Unnamed: 0,Predicted negative,Predicted positive
Is negative,0.734776,0.265224
Is positive,0.232961,0.767039


#### Random forest

In [114]:
y_true = y_test
y_pred = forest.predict(X_test)
matrix = confusion_matrix(y_true, y_pred)

label_names = pd.Series(['negative', 'positive'])
pd.DataFrame(matrix,
     columns='Predicted ' + label_names,
     index='Is ' + label_names).div(matrix.sum(axis=1), axis=0)
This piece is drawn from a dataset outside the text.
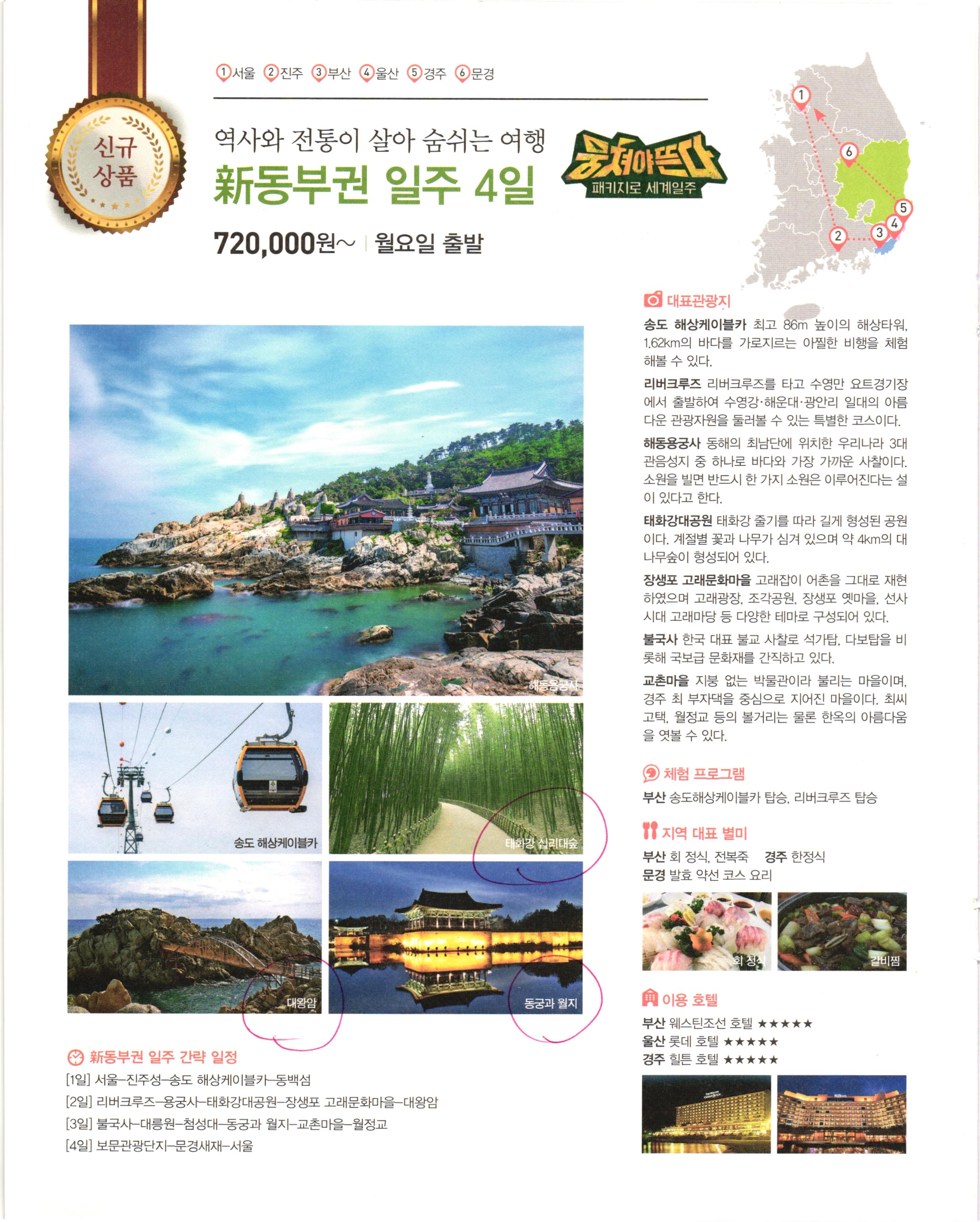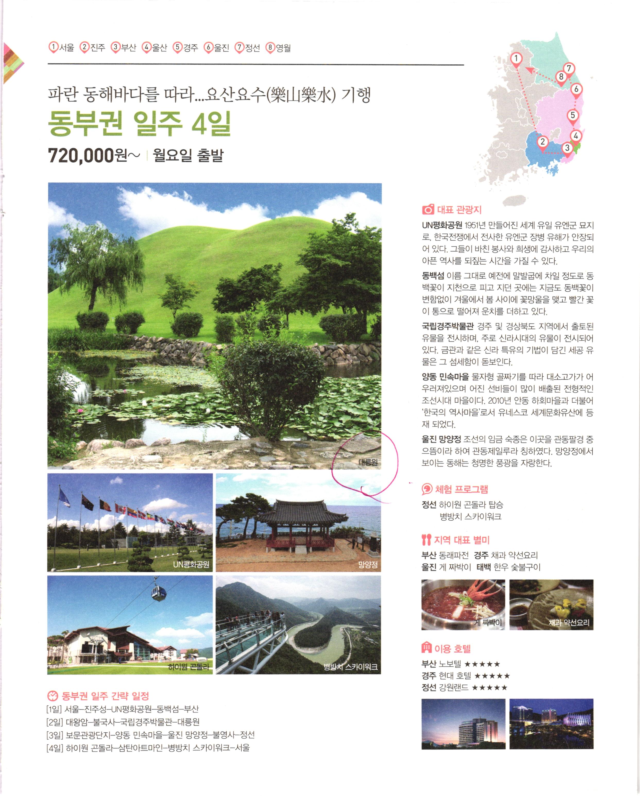 1 서울 2 진주 3부산 4울산 5경주 울진 1 정선 6 영월 파란 동해바다를 따라...요산요수(樂山樂水) 기행 동부권 일주 4일 720,000원~ 월요일 출발 이 대표 관광지 UN평화공원 1951년 만들어진 세계 유일 유엔군 묘지 로, 한국전쟁에서 전사한 유엔군 장병 유해가 안장되 어 있다. 그들이 바친 봉사와 희생에 감사하고 우리의 아픈 역사를 되짚는 시간을 가질 수 있다. 동백섬 이름 그대로 예전에 말발굽에 차일 정도로 동 백꽃이 지천으로 피고 지던 곳에는 지금도 동백꽃이 변함없이 겨울에서 봄 사이에 꽃망울을 맺고 빨간 꽃 이 통으로 떨어져 운치를 더하고 있다. 국립경주박물관 경주 및 경상북도 지역에서 출토된 유물을 전시하며, 주로 신라시대의 유물이 전시되어 있다. 금관과 같은 신라 특유의 기법이 담긴 세공 유 물은 그 섬세함이 돋보인다. 양동 민속마을 물자형 골짜기를 따라 대소고가가 어 우러져있으며 어진 선비들이 많이 배출된 전형적인 조선시대 마을이다. 2010년 안동 하회마을과 더불어 '한국의 역사마을'로서 유네스코 세계문화유산에 등 재 되었다. 울진 망양정 조선의 임금 숙종은 이곳을 관동팔경 중 으뜸이라 하여 관동제일루라 칭하였다. 망양정에서 보이는 동해는 청명한 풍광을 자랑한다. 대릉원 이 체험 프로그램 정선 하이원 곤돌라 탑승 병방치 스카이워크 Y 지역 대표 별미 부산 동래파전 경주 채과 약선요리 울진 게 짜박이 태백 한우 숯불구이 UN평화공원 망양정 게 짜박이 채과 약선요리 하이원 곤돌라 병방치 스카이워크 이용 호텔 부산 노보텔 ★★★★★ 경주 현대 호텔 ★★★★★ 정선 강원랜드 ★★★★★ I 동부권 일주 간략 일정 [1일] 서울 진주성-UN평화공원 동백섬 부산 [2일] 대왕암 불국사 국립경주박물관 대릉원 [3일] 보문관광단지 양동 민속마을 울진 망양정 불영사 정선 [4일] 하이원 곤돌라 삼탄아트마인 병방치 스카이워크-서울

Unnamed: 0,Predicted negative,Predicted positive
Is negative,0.741453,0.258547
Is positive,0.281683,0.718317


#### SVC

In [115]:
y_true = y_test
y_pred = svc.predict(X_test)
matrix = confusion_matrix(y_true, y_pred)

label_names = pd.Series(['negative', 'positive'])
pd.DataFrame(matrix,
     columns='Predicted ' + label_names,
     index='Is ' + label_names).div(matrix.sum(axis=1), axis=0)

Unnamed: 0,Predicted negative,Predicted positive
Is negative,0.733173,0.266827
Is positive,0.228168,0.771832


#### Multinomial Naive Bayes

In [116]:
y_true = y_test
y_pred = bayes.predict(X_test)
matrix = confusion_matrix(y_true, y_pred)

label_names = pd.Series(['negative', 'positive'])
pd.DataFrame(matrix,
     columns='Predicted ' + label_names,
     index='Is ' + label_names).div(matrix.sum(axis=1), axis=0)

Unnamed: 0,Predicted negative,Predicted positive
Is negative,0.752671,0.247329
Is positive,0.263312,0.736688


## Review

- Step 1: use a **vectorizer** to convert the tweets into numbers a computer could understand.
- Step 2: Training step to **build** the models 
- Step 3: split the dataset into **train** and **test** dataset
- Step 4: Testing

## Discussion [3]

* Which models performed the best? Explain the big differences between them!
* Do you think it's more important to be sensitive to negativity or positivity? Do we want more positive things incorrectly marked as negative, or more negative things marked as positive?
* They all had very different training times. Which ones offer the best combination of performance?
* What's good accuracy? Do you think 75% is good enough?
* If there are 2 classifiers and both of them are 75% accurate, which is the best?